Она нацарапала номер телефона на клочке бумаги, я спрятал его в бумажник. Наклонился к ней, тронул за плечо. Она подняла глаза, черные, как вишни.
– Вот что… – неопределенно начал я. – Ты меня прости… я себя как дурак вел…
– Ну не всегда, – великодушно улыбнулась она. – Полный норм, папа. Не буксуй.
– Ты думаешь, что с моим… с Дмитрием все о’кей? – Мне по-прежнему не удавалось произнести имя сына без странных заиканий.
Она кивнула, серьезно посмотрела мне в глаза. Я неуклюже обнял ее, прижал. Зачем-то похлопал по спине.
– Осторожней там… – тихо сказал ей в ухо. – Сама видела, что в городе творится.
– Угу.
– И пропуск не потеряй.
– Угу.
Зине выдали карточку, запаянную в пластик, что-то вроде водительских прав, с двуглавым орлом, фиолетовой печатью и таинственной надписью «допуск Б».
– Кстати… – Зина запнулась. – Ты насчет Димки особо тут не распространяйся. Со своим этим другом.
– Почему?
– Не надо…
– Ты можешь…
– Потом.
Как всякий русский, латентно суеверный и ищущий логики в любом иррациональном проявлении жизни, я не верил в случайности подобного рода. Судьба не могла разыграть столь замысловатую комбинацию без конкретной цели. Просто не могла.
Мы шли коридором без окон, Сильвио напористо шагал, как сквозь ветер, изредка прихватывая и подталкивая мой локоть. Свита из семи-восьми человек, все мужчины, поспевала следом. Давешний здоровяк-людоед отрывистым шепотом говорил сразу по двум телефонам. Остановились у лифта. Разъехалась дверь, лифт был огромный, в кабину запросто мог войти средних размеров слон. Сильвио развернулся, коротко бросил своим:
– Я один. Все вопросы к Шестопалу.
Он кивнул на людоеда, тот выпятил диковатую бороду, властно зыркнул из-под бровей.

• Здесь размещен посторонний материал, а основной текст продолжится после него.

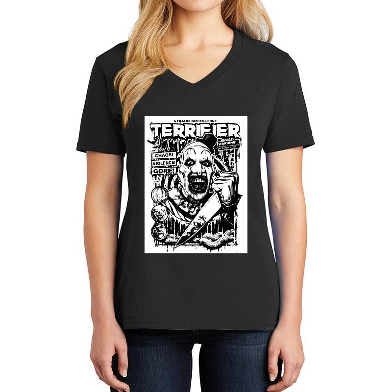 Terrifier Movie Horror Art The Clown design artwork printed on Unisex V-Neck T-Shirt with latest DTF technology. Our new management team will place serving you. We offer best online shopping experience to our customers with 30 days return and exchange policy. Shop with confidence at T-funny.comProduct Details

– Глеб Глебыч, а как же с… – ласково начал некто с бабьим лицом.
– К Шестопалу, я сказал! – рявкнул Сильвио, подтолкнув меня в лифт.
Дверь закрылась, кабина пошла вниз. Мы вместе, как по команде, посмотрели в тускло светящийся потолок, похожий на сырой лед.
– Есть страны, которыми лучше не управлять, – сказал Сильвио, глядя вверх, – которые, как камень с горы… толкнул, камень и покатился. И покатился, и покатился…
Дверь открылась. Нас ждали четыре охранника в одинаковых серых костюмах и один коротышка, тоже в штатском, но по повадке явно военный. Он вытянулся, выставил подбородок. Мне показалось, что он сейчас начнет что-то звонко рапортовать.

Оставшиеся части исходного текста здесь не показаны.